**Your assignment**
Only the lines below from the one that holds "Charcoal Bold Stripe Double Breasted Suit" through the one that holds "Kenneth Cole New" should appear in the answer, copied exactly, end lines included and pictures omitted.

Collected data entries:
-------------------------

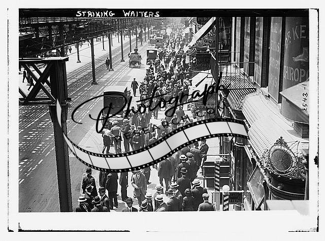 Waiter strikers,1912,crowded sidewalk,storefronts,horse drawn carriages
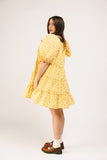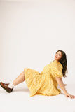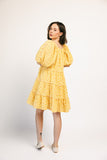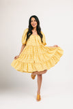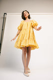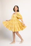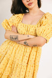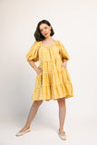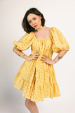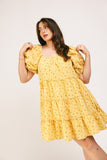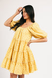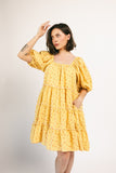 - sunshine // puff sleeves, knee length, tiered skirt, scoop elastic neckline, high low skirt, fully lined, pockets
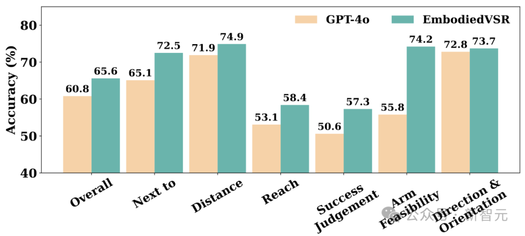 除了视觉语言问答相关评测之外,北京人形机器人还构建了适用于具身智能的评测集,能够在空间相对位置、距离、成功失败判断、可达性以及可操作性等维度进行了评估,采用「慧思开物」具身智能平台相比单纯调用GPT-4o等多模态模型在具身智能能力上也有很大提升。
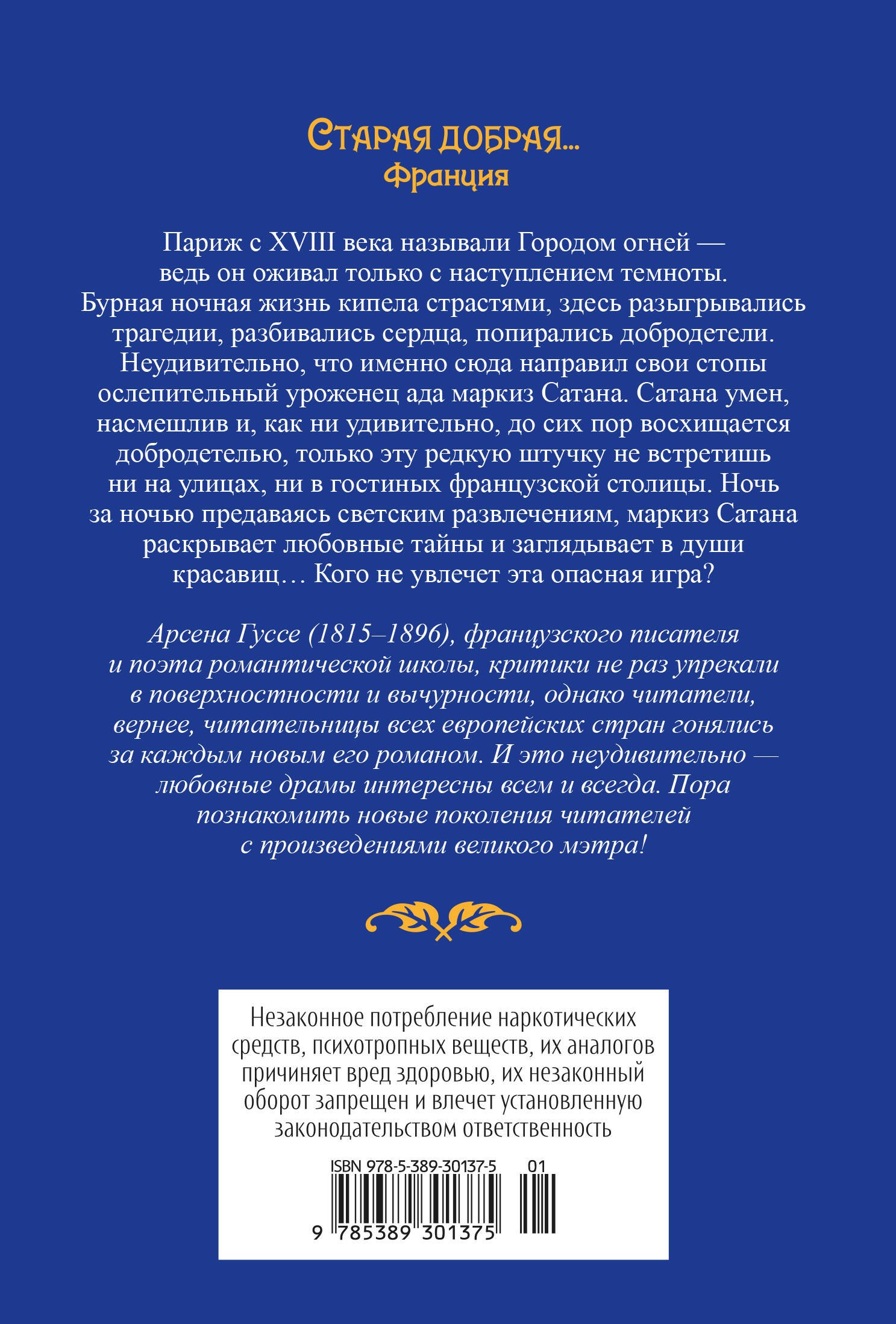Роман-сага, посвященный жизни ночного светского и не только Парижа конца XIX века, роман-калейдоскоп, причудливое переплетение историй страсти и любви, рассказанных автору его приятелем - самым настоящим посланцем Ада маркизом Сатаной не оставит равнодушным ни одну читательницу, а, может, и читателя. Сюжетов, как указано в названии, множество, но вот затравка основного: «Однажды поздним вечером, заскучав, пять сумасбродных светских девиц решили выпить чаю в обществе самого Сатаны. Ну или одного из его подручных. Был проделан ритуал вызова, и самая отчаянная, самая гордая, а также самая красивая Жанна д'Арманьяк предложила нечистому духу себя саму сроком на год. И четверти часа не прошло, как слуга доложил о прибытии маркиза Сатаны. Невероятный красавец, он любезными речами утешил перепуганных девиц, выпил чашку чая и удалился, пообещав Жанне, что каждую полночь станет являться к ней. И, как нетрудно догадаться, обещание свое маркиз выполнил. Он еще и влюбился в красавицу, но та его отвергла ради обаятельного игрока и мота. Но не ждите счастливого - хотя как, конечно, посмотреть, - финала. Парижский свет и полусвет, и, следуя за ними, все прочие слои общества буквально питаются и дышат страстями, а в такой атмосфере процветают только пороки. Собственно, именно потому во французской столице конца XVIII века появился черт, изгнанный за грехи из ада. Но нравы прекрасных парижанок, изученные им на протяжении тысячи и одной ночи, изумили даже его…» Роман в 28 книгах и 4 томах, созданный французским писателем Арсеном Гуссе, которого Эмиль Золя называл «одним из последних великих дубов романтического леса», пользовался, как и прочие его произведения, числом более 100, в России огромной популярностью. Он был написал в 1875 году, а в Москве начала продаваться в 1877-м! Читать «Тысяча и одну тайну парижских ночей» это: 1. Окунуться с головой в светскую жизнь Парижа XIX века, узнать как, в чем и зачем ездят в лес, в театр и на балы 2. Познакомиться с десятками светских львиц и одной невероятной красавицей и убедиться, что, как и теперь, решиться на рай в шалаше можно только по невероятной любви 3. Выяснить, что самый настоящий черт из Ада порой более человечен и сострадателен, чем некоторые прекрасные дамы 4. Посетить несколько дуэлей и вызнать несколько действенных мошеннических приемов 5. Обнаружить, что любовная страсть и истинная любовь чувства не только различные, но и диаметрально противоположные чувства. Книга порадует не только поклонников романтической литературы и плутовского романа, но и ценителей мистики, а также тех, кто интересуется историей Франции и историей любви.| Издательство | Издательство АЗБУКА ООО |
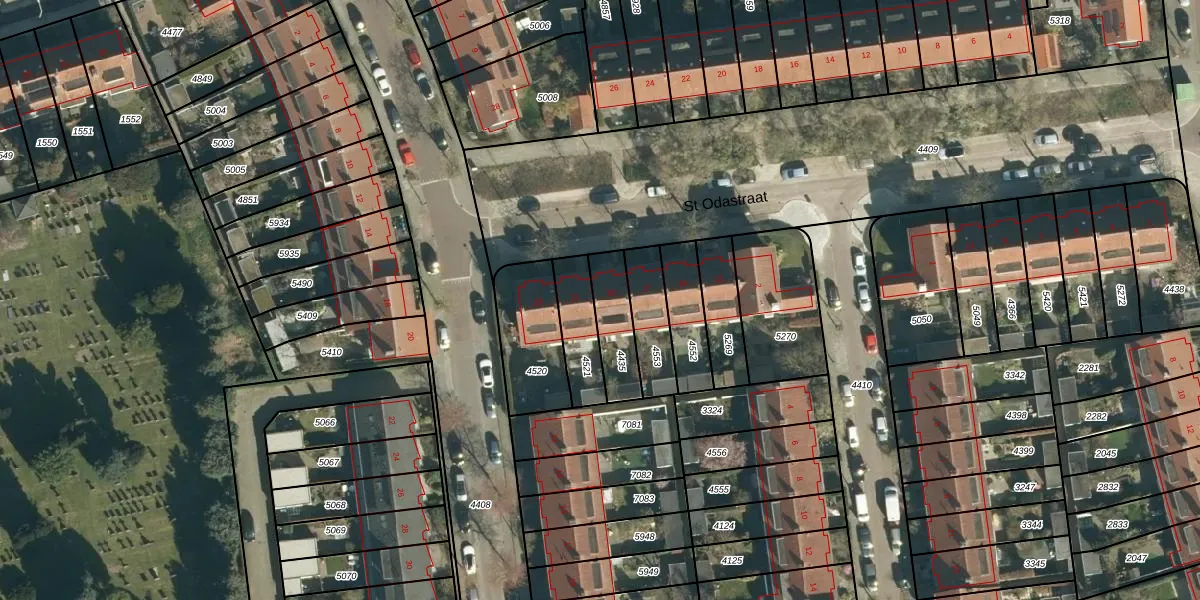 Het perceel waarop St Odastraat 19 staat heeft een oppervlakte van 150 m². Dit is een middelgroot perceel. De perceeloppervlakte wordt geregistreerd door het Kadaster. Gedetailleerde informatie over de maten van dit perceel kunt u vinden in het rapport Kadastrale kaart met maatvoering van St Odastraat 19.
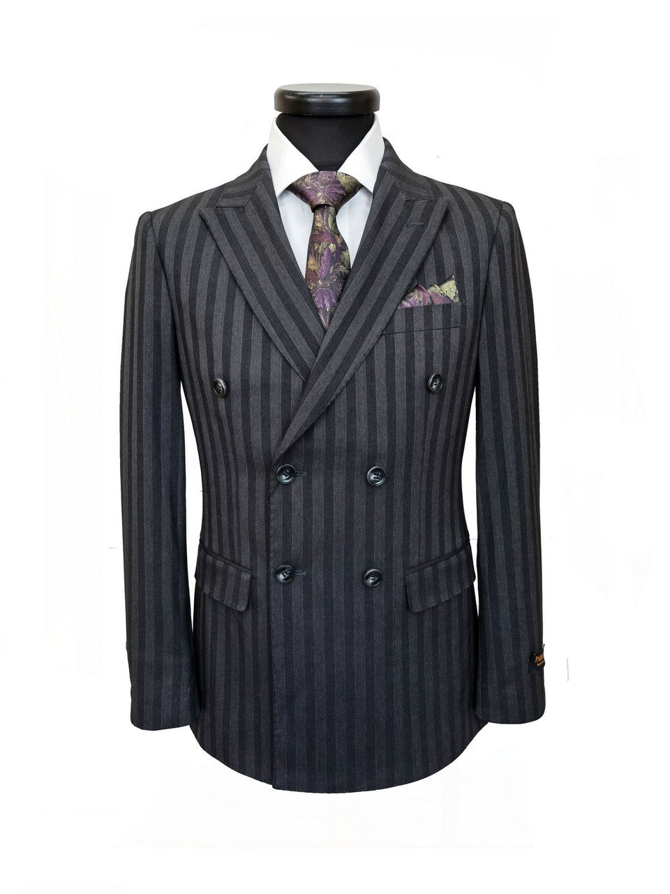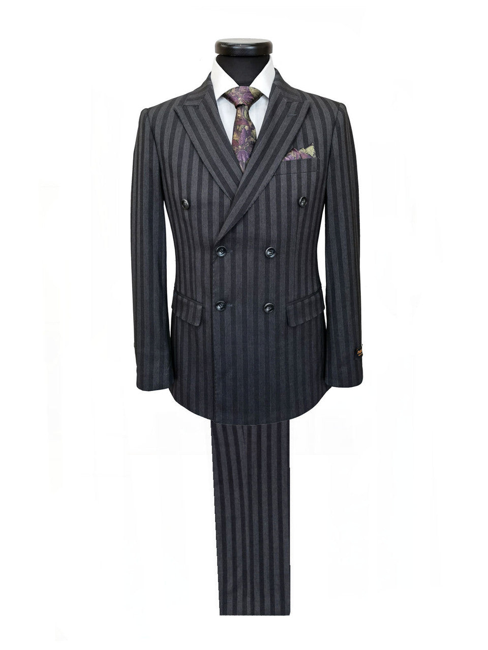 Charcoal Bold Stripe Double Breasted Suit
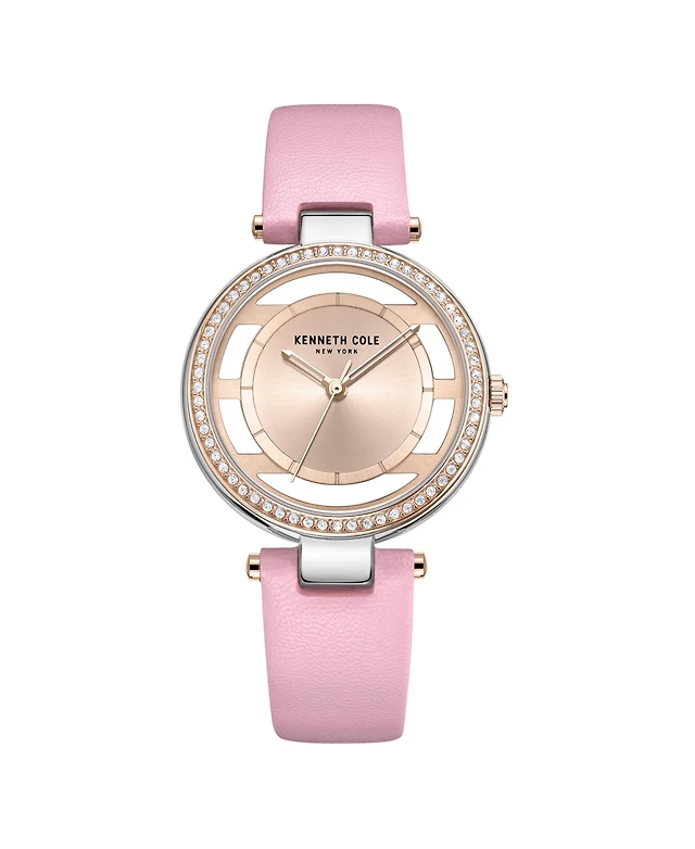 Kenneth Cole New York Women's Transparency Pink Genuine Leather Strap Watch 34mm
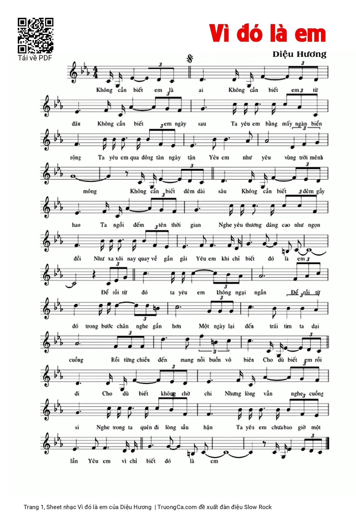 Phần nghe hát Vì đó là em (Diệu Hương) được nhúng từ Youtube, Musescore hoặc link ngoài và chịu sự kiểm soát bản quyền của bên thứ ba đó, vì vậy có thể bị xóa hoặc chèn quảng cáo bất kỳ lúc nào. Nếu bạn không nghe - xem được ca sĩ hát tức là đã bị Youtube hoặc Musescore kiểm soát.
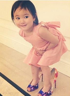 “小萌神”奥莉平常也是爱美的小公主哒,平常喜欢穿妈妈的高跟鞋,一脸张望的样子看起来调皮可爱,弯着腰的样子是怕被妈妈发现吗哈哈~
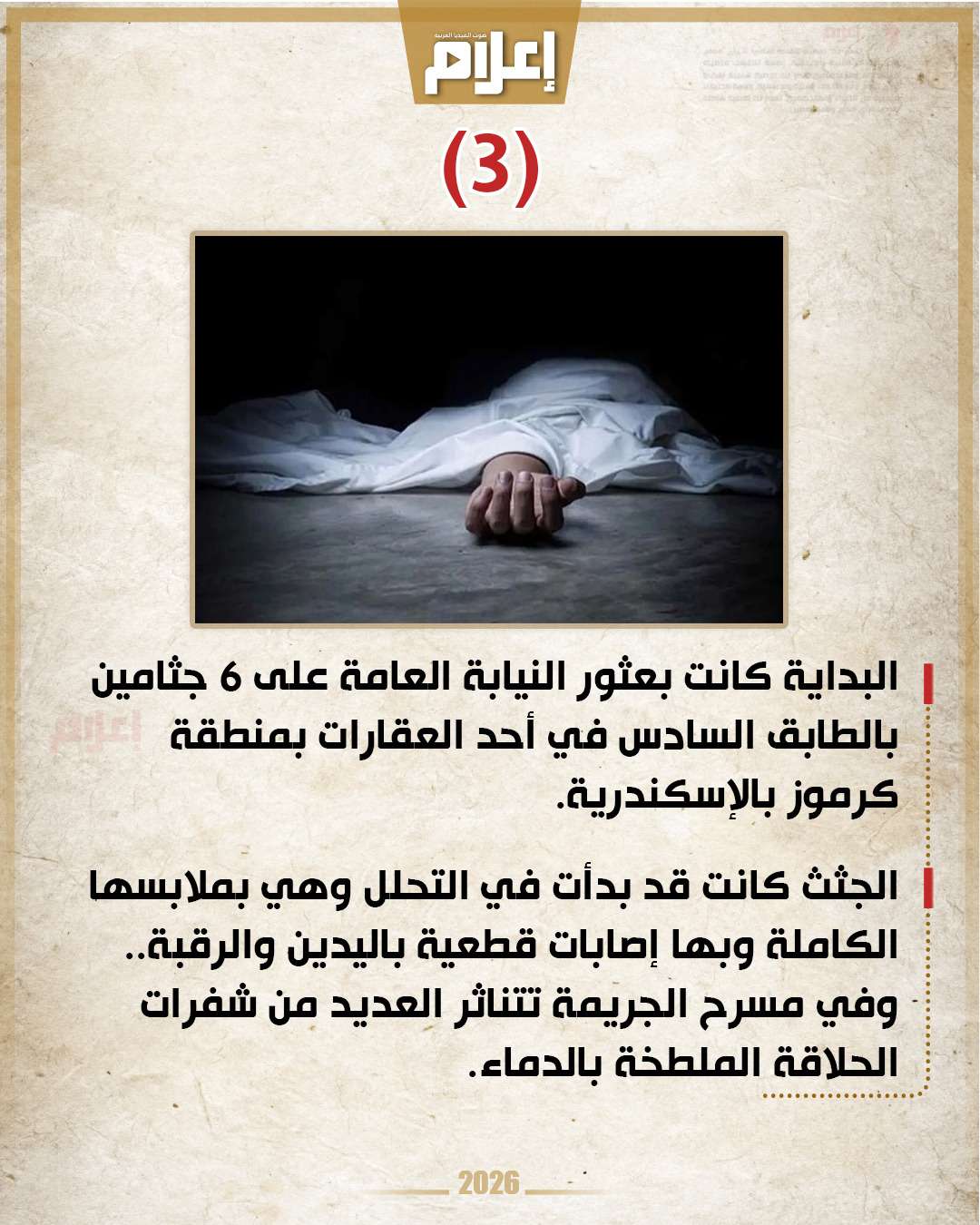 البداية كانت بعثور النيابة العامة على 6 جثامين بالطابق السادس في أحد العقارات بمنطقة كرموز بالإسكندرية.
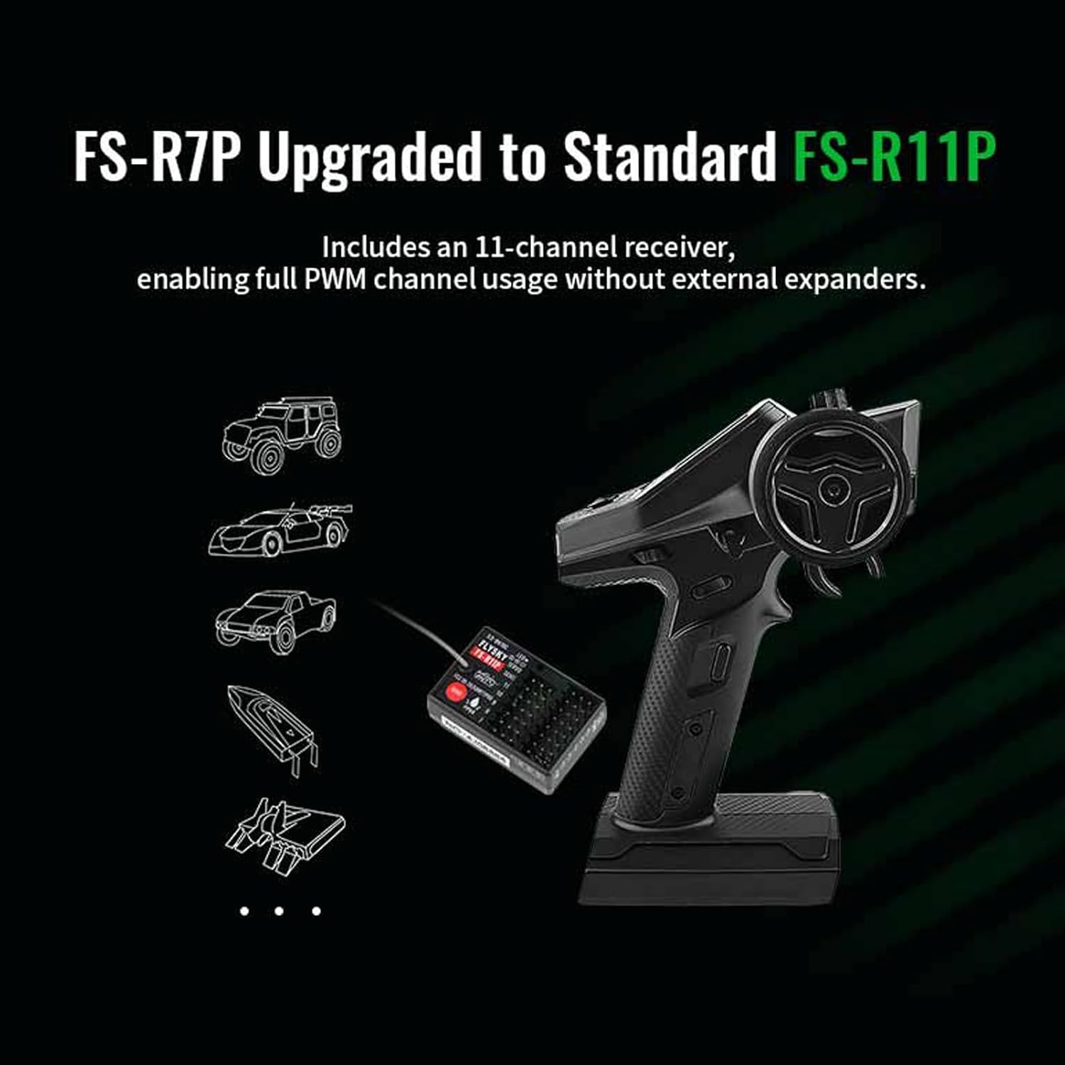 Ready-to-Run w/ FS-R11P Receiver: Start controlling immediately! Includes the 11-channel FS-R11P receiver. Access all PWM channels directly – no extra expanders needed. Perfect for demanding models right out of the box
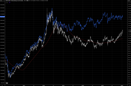 CBR por encima de BCOM. - CBR por encima de BCOM suele ser un mercado de commodities sano, con curvas en backwardation y roll yield favorable. - Suele ser un entorno positivo para estrategias de materias primas.

-------------------------

**Completed exercise**
 Charcoal Bold Stripe Double Breasted Suit
 Kenneth Cole New York Women's Transparency Pink Genuine Leather Strap Watch 34mm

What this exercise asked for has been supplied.